The London dealer Alison Jacques, who exhibited at Photo London for the first time last year, has spoken out about her “unprofessional, unpleasant experience”. She says a Juergen Teller photograph belonging to the gallery, William Eggleston and Pink Gorilla, Memphis (2010), was stolen from the exhibition of his work shown in Somerset House’s Great Arch Hall as part of the fair’s public programme.
Jacques says the only response of Michael Benson, a founding director of Photo London, was to give her the phone number for the police. Benson denies this. “We followed procedure by reporting [the missing work] to the police and passing them on to the gallery team to provide details for a potential investigation,” he says. Benson says that Photo London takes security “very seriously”, and this year the Great Arch Hall will be accessible only to ticket holders. (Last year it was open to the public.)

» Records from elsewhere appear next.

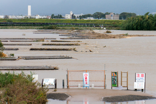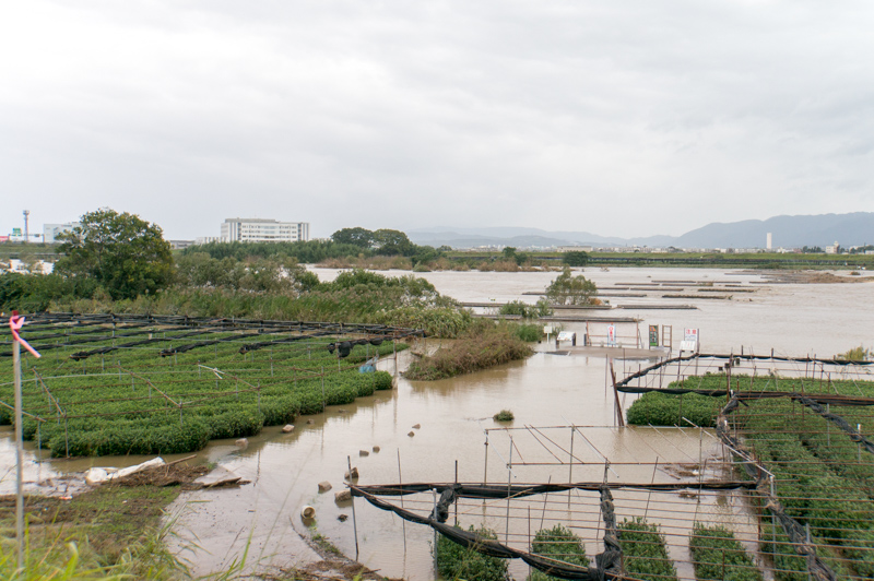 あまりに流されるので、昨年3月に流されにくくなるようにかさ上げして復旧されたばかりだった流れ橋。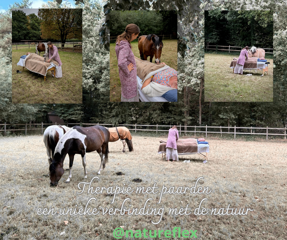 Paarden zijn uitzonderlijk gevoelig voor onze energie. Ze voelen haarfijn aan wat er in ons omgaat en kunnen ons helpen om blokkades en trauma’s los te laten. In een sessie met paarden combineren we de helende werking van hun energie met verschillende therapeutische technieken, zoals voetreflexologie, cranio-sacrale therapie of energetische behandelingen. Dit alles vindt plaats in de open natuur, waar je zintuigen volledig tot rust komen.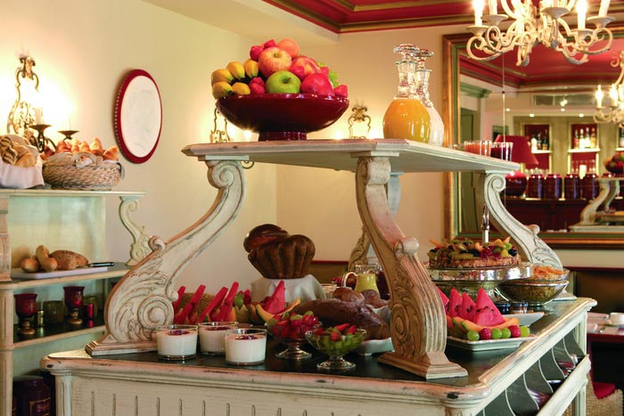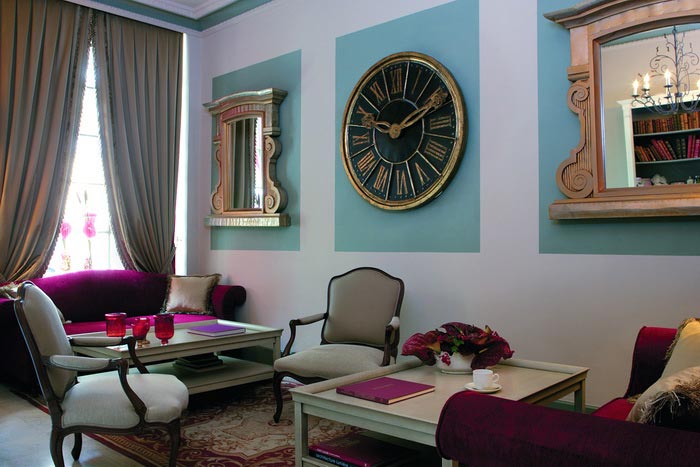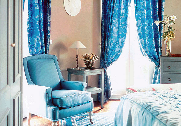 Все они оформлены в определенной цветовой гамме: сиреневые и серые тона на четвертом этаже, синие и бежевые на третьем этаже, оливковые и золотые на втором и оттенки какао на первом этаже. Спальни и гостиные декорированы в провансальском стиле XIX столетия, с использованием дорогих, благородных материалов и элегантной мебели светлого дерева. Особенное внимание уделено свету.

Jacques’s insurance claim for the work, worth around £6,500, is pending, but she also says a work on her booth, worth around $80,000, was damaged due to temperature fluctuations, recorded on the gallery’s equipment as between 23°C and 31°C within an hour. Jacques says Photo London accepts no responsibility. Benson counters: “Our records show that all temperature fluctuations, which are checked on an hourly basis throughout the duration of the fair, were within acceptable levels.” He says that because the damage was reported after the works had been taken down, “the [fair’s] insurance was not valid”.